I have an issue with Visual Studio projects using "c++latest" and precompiled headers. Visual Studio has some new options for projects regarding their C++modules which can be found in the project's properties under C/C++ -> Language. They are Enable Experimental C++ Standard Library Modules and Build ISO C++23 Standard Library Modules.

Whenever I make changes to the premake script and regenerate the project these options are set to the standard (enabled) and the code won't compile because of missing include of my precompiled header in their files. I always have to manually set those options again after generating the solution/project.

What might be a solution?
Two new commands for the premake lua script that describes the project which can be used to set those values.

enablemodules "yes"
buildstlmodules "yes"
enablemodules "no"
buildstlmodules "no"

This way I can set those values already when generating the project via premake.
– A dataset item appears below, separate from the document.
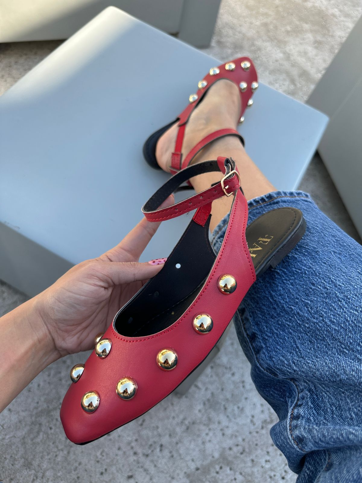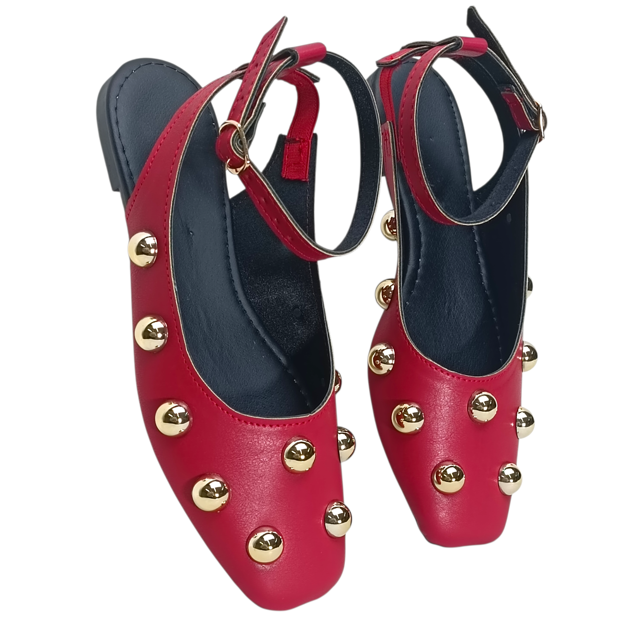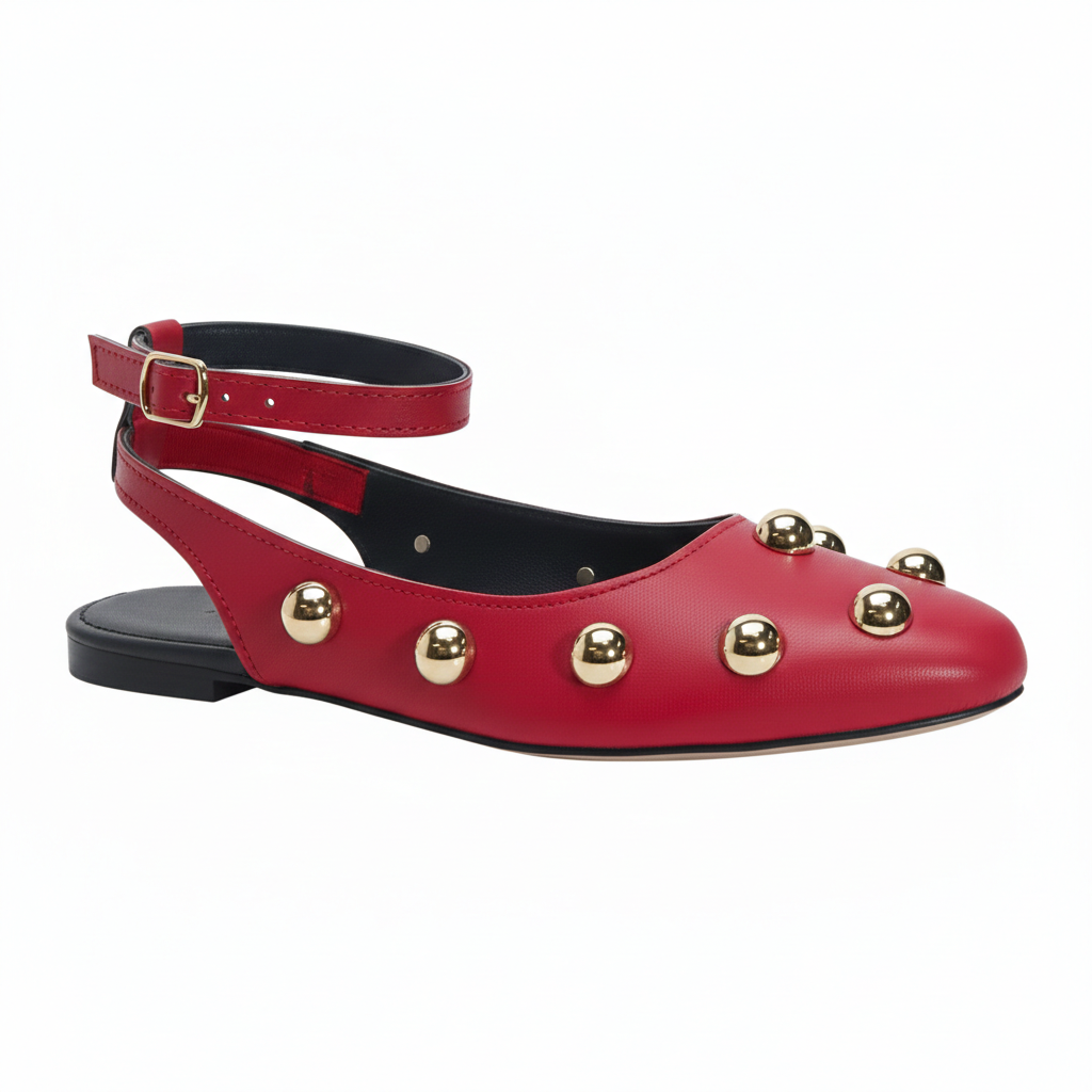 Descripción: Estas valerinas rojas con estoperoles dorados son el toque perfecto para elevar cualquier outfit. Su diseño moderno combina la elegancia clásica con un aire audaz gracias a los detalles metálicos distribuidos al frente, que aportan brillo y personalidad sin perder sofisticación.

What other alternatives have you already considered?
I don't see any alternatives, but to set those values manually in the project settings.

Anything else we should know?
Not really.

Can you share which settings that you are toggling so we can hunt down what in the project file would need to change?

Yeah sure. They are - like stated in my opening post - inside the Project settings under C/C++ -> Language
module_settings
Inside the project file itself it creates this

<ClCompile>
   ....
   <BuildStlModules>false</BuildStlModules>
</ClCompile>

when the option is set to No.

commented

I'm also stuck right now with this, it would be great to see this implemented soon

Edit: Got them working fine. As a temporary measure, add this:

require('vstudio')

local p = premake
local m = p.vstudio.vc2010

m.elements.clCompile = function(cfg)
	local calls = {
        function(cfg)
            m.element("ScanSourceForModuleDependencies", nil, "true");
        end,
        function(cfg)
            m.element("EnableModules", nil, "true");
        end,
        function(cfg)
            m.element("BuildStlModules", nil, "true");
        end,
		m.precompiledHeader,
		m.warningLevel,
		m.treatWarningAsError,
		m.disableSpecificWarnings,
		m.treatSpecificWarningsAsErrors,
		m.basicRuntimeChecks,
		m.clCompilePreprocessorDefinitions,
		m.clCompileUndefinePreprocessorDefinitions,
		m.clCompileAdditionalIncludeDirectories,
		m.clCompileAdditionalUsingDirectories,
		m.forceIncludes,
		m.debugInformationFormat,
		m.optimization,
		m.functionLevelLinking,
		m.intrinsicFunctions,
		m.justMyCodeDebugging,
		m.supportOpenMP,
		m.minimalRebuild,
		m.omitFramePointers,
		m.stringPooling,
		m.runtimeLibrary,
		m.omitDefaultLib,
		m.exceptionHandling,
		m.runtimeTypeInfo,
		m.bufferSecurityCheck,
		m.treatWChar_tAsBuiltInType,
		m.floatingPointModel,
		m.floatingPointExceptions,
		m.inlineFunctionExpansion,
		m.enableEnhancedInstructionSet,
		m.multiProcessorCompilation,
		m.additionalCompileOptions,
		m.compileAs,
		m.callingConvention,
		m.languageStandard,
		m.languageStandardC,
		m.conformanceMode,
		m.structMemberAlignment,
		m.useFullPaths,
		m.removeUnreferencedCodeData,
		m.compileAsWinRT,
		m.externalWarningLevel,
		m.externalAngleBrackets,
		m.scanSourceForModuleDependencies,
		m.useStandardPreprocessor,
	}

	if cfg.kind == p.STATICLIB then
		table.insert(calls, m.programDatabaseFileName)
	end

	return calls
end

There's probably a better way (overriding) but it's not as straight forward as just replacing the function.

I've got some time to sink my teeth into it, so I should be able to do that this week.